When we tried to switch the ligands on starting reagents and to run stoichiometric reaction between Fe(hfac)₃ and Fe(acac)₂, it resulted in yet another polynuclear homometallic diketonate [Fe(hfac)₂][Fe(acac)₂(hfac)][Fe(hfac)₂] (3). Complex 3 was identified as a major product of the reaction that proceeds according to the equation:

2Fe(acac)₂ + 2Fe(hfac)₃ → Fe₃(acac)₂(hfac)₅ + Fe(acac)₂(hfac) (3)

The formation of complex 3 can be explained by a prompt ligand exchange between Fe^II and Fe^III centers, the event that is rather common in metal diketonate chemistry. Alternative pathway for the formation of compound 3 is an instantaneous electron transfer upon formation of the diketonate bridge. Such intramolecular redox process is well established for the Fe^II/Fe^III cyanide complexes.²⁶

Molecular structure of diketonate 3 (ESI, Fig. S7 and Table S6†) is very similar to that of 2 with a sole exception of one hfac ligand chelating the central Fe^III atom. Remarkably, this ligand with electron-withdrawing groups does not participate in bridging interactions with Fe^II centers on both sides of the molecule and remains purely chelating. Subsequent theoretical modeling of the possible adducts of M^II(acac)₂ with M^III(hfac)₃ at the DFT level (PBE0/def2-TZVP²⁷) revealed that compounds of the formula [M^III(hfac)₃][M^II(acac)₂] do not correspond to the local minima on the potential energy surfaces. Optimization procedure eventually converged to the systems in which the initial homometallic fragments are held together by weak non-covalent interactions (ESI, Fig. S13 and S14, Tables S11 and S12†).

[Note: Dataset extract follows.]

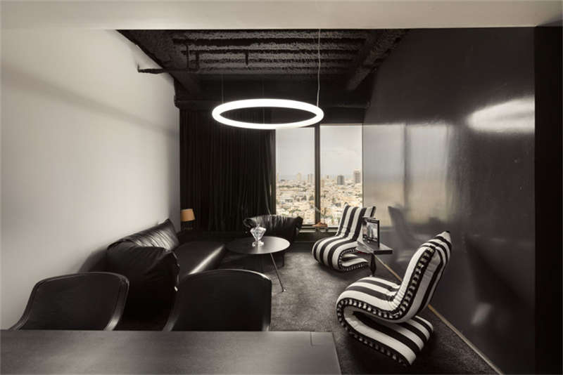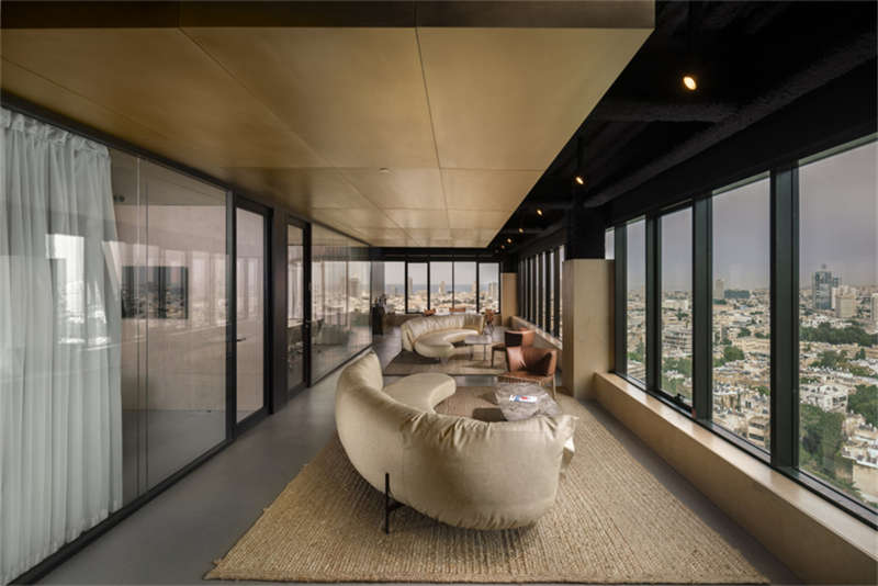 盒子面向“起居室”,這是一個開放空間,有各種座位,一個活躍的酒吧作為辦公室的中心。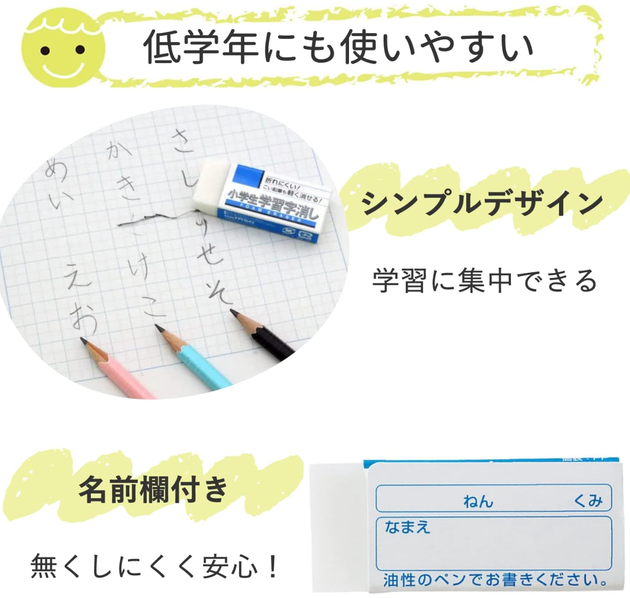 Product Benefits: Clean erasing, daily learning support

In the course of this work, mixed-valent heteroleptic iron diketonates were envisioned as synthetic platforms for the preparation of heterobimetallic species. Complexes 1 and 2 have been used as templates to design target heterometallic (transition metal-transition metal) diketonates with M : M′ = 1 : 1 and 1 : 2 ratios that can be employed as single-source precursors for the synthesis of corresponding mixed-metal oxide materials. Mixed-valent heteroleptic heterometallic diketonates have been obtained by the solid state/gas phase stoichiometric reactions similar to those in eqn (1) and (2) by using Fe(acac)₃ and M(hfac)₂ (M = Mn, Ni) as starting reagents (ESI, Table S1†):

Fe(acac)₃ + Mn(hfac)₂ → FeMn(acac)₃(hfac)₂ (4) (4)

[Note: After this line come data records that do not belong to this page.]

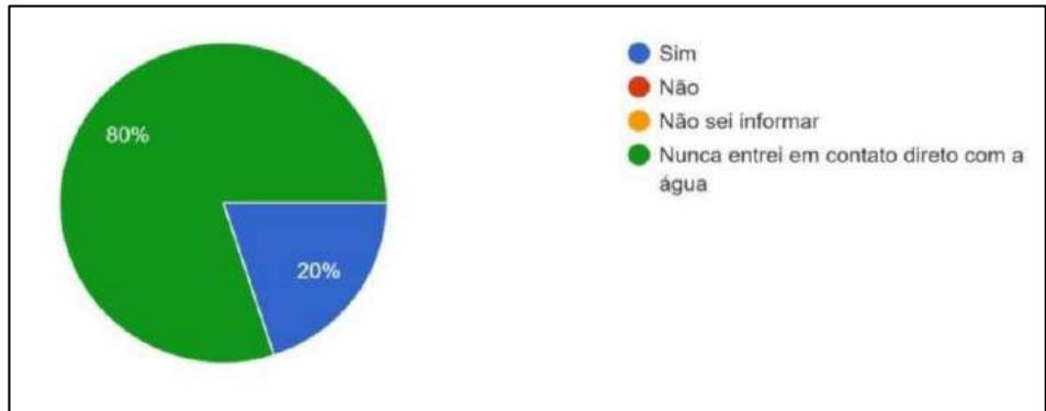 Fonte: Pesquisa direta Gráfico 1: Mal-estar após contato com a água do açude As respostas sobre sentir algum mal estar depois de entrar em contato com a água do açude, $80\%$ respondeu que nunca entraram em contato direto com a água, mas $20\%$ assinalou Sim, que já tinham sentindo alguma reação depois do contato com a água, pois apesar da maioria evitar ainda tem gente que entra na água para tentar pescar algo, acham que a água está limpa e eventualmente sentem algum tipo de mal estar como diarreia, tontura, dor de cabeça ou em pior dos casos algum tipo de doença relacionada a esgoto não tratado como dengue, hepatite A, leptospirose.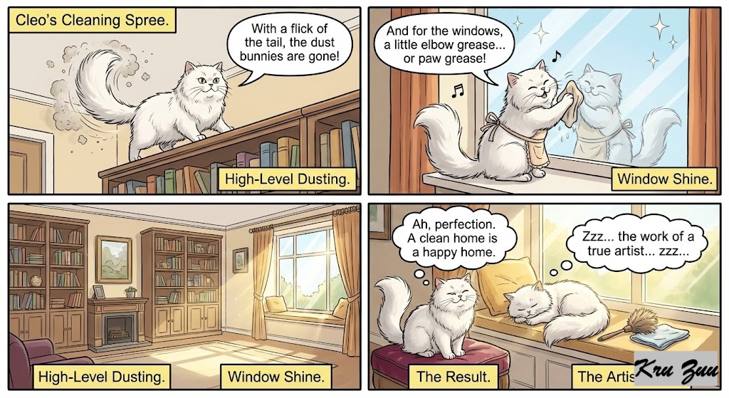 Cleo: Used her tail to dust the high shelves and polished the windows.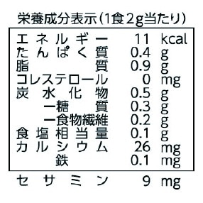 いりごま(国内製造)、醤油(小麦・大豆を含む)、砂糖、米粉、粉末醤油(小麦・大豆を含む)、焦がし醤油ペースト(小麦・大豆を含む)/調味料(アミノ酸等)、貝カルシウム、加工でん粉、甘味料(カンゾウ)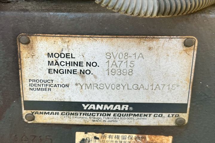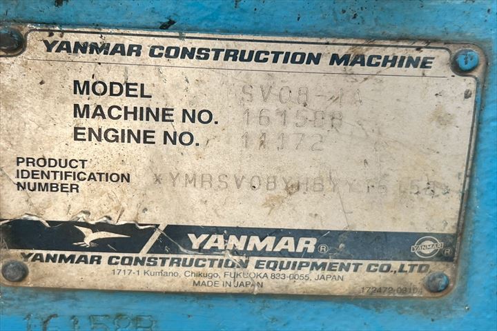 | 1257001 | YANMAR | ミニ油圧ショベル | SV08-1 | 11551B | |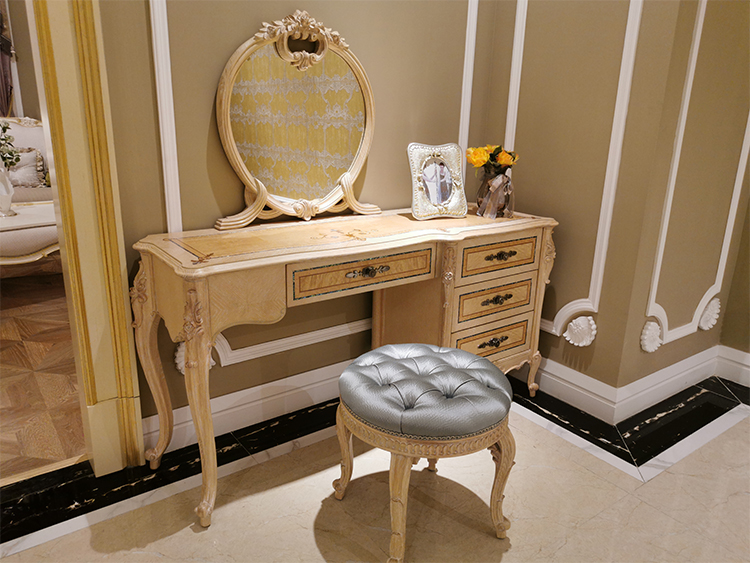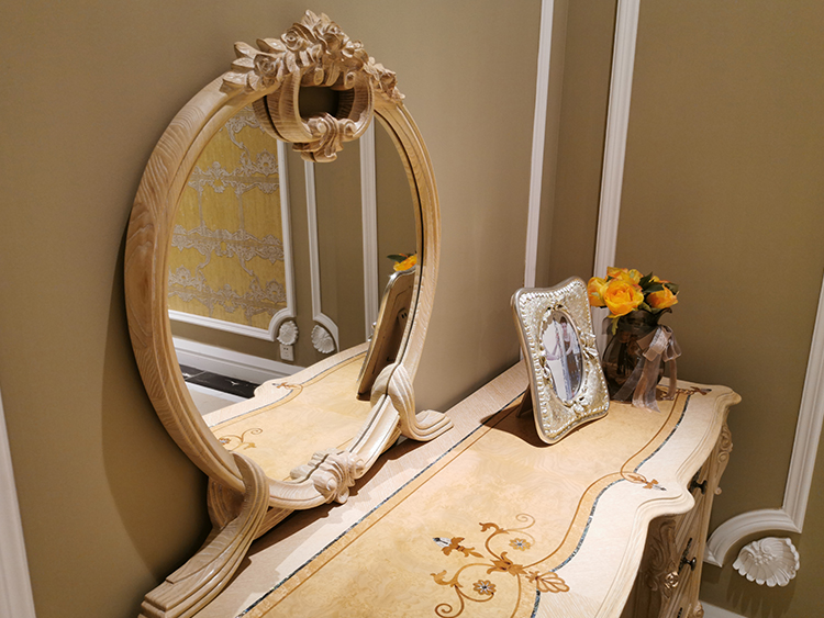 Ash Wood 4 Drawer Carving Vintage Dressing Table Mirror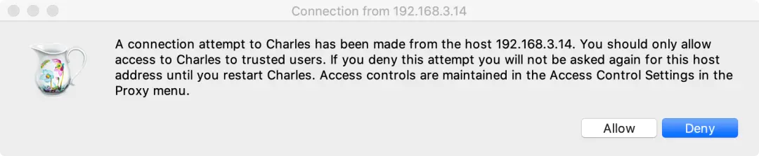 手機端 對連接wifi 進行代理設置,設置手動代理,將charles 提示的代理地址 設置好,然後charles 就會有一個提示:

Fe(acac)₃ + 2Ni(hfac)₂ → FeNi₂(acac)₃(hfac)₄ (5) (5)

The products 4 and 5 were collected as red-brown block-shaped crystals from the cold end of the ampules with nearly quantitative yields. Elemental analysis confirmed the metal ratios as Fe : Mn = 1.03 : 0.97 for 4 and Fe : Ni = 0.96 : 2.04 for 5. The purity of the products was further verified by comparison of the experimental X-ray powder diffraction patterns with theoretical profiles calculated on the basis of single crystal data (ESI, Fig. S3 and S4†). Both compounds are highly volatile and can be quantitatively resublimed at 95 (4) and 105 °C (5). Decomposition of crystals in a sealed ampule is visible above 100 (4) and 110 °C (5). Heterometallic complexes are readily soluble in a variety of common solvents and are moderately stable in moist air.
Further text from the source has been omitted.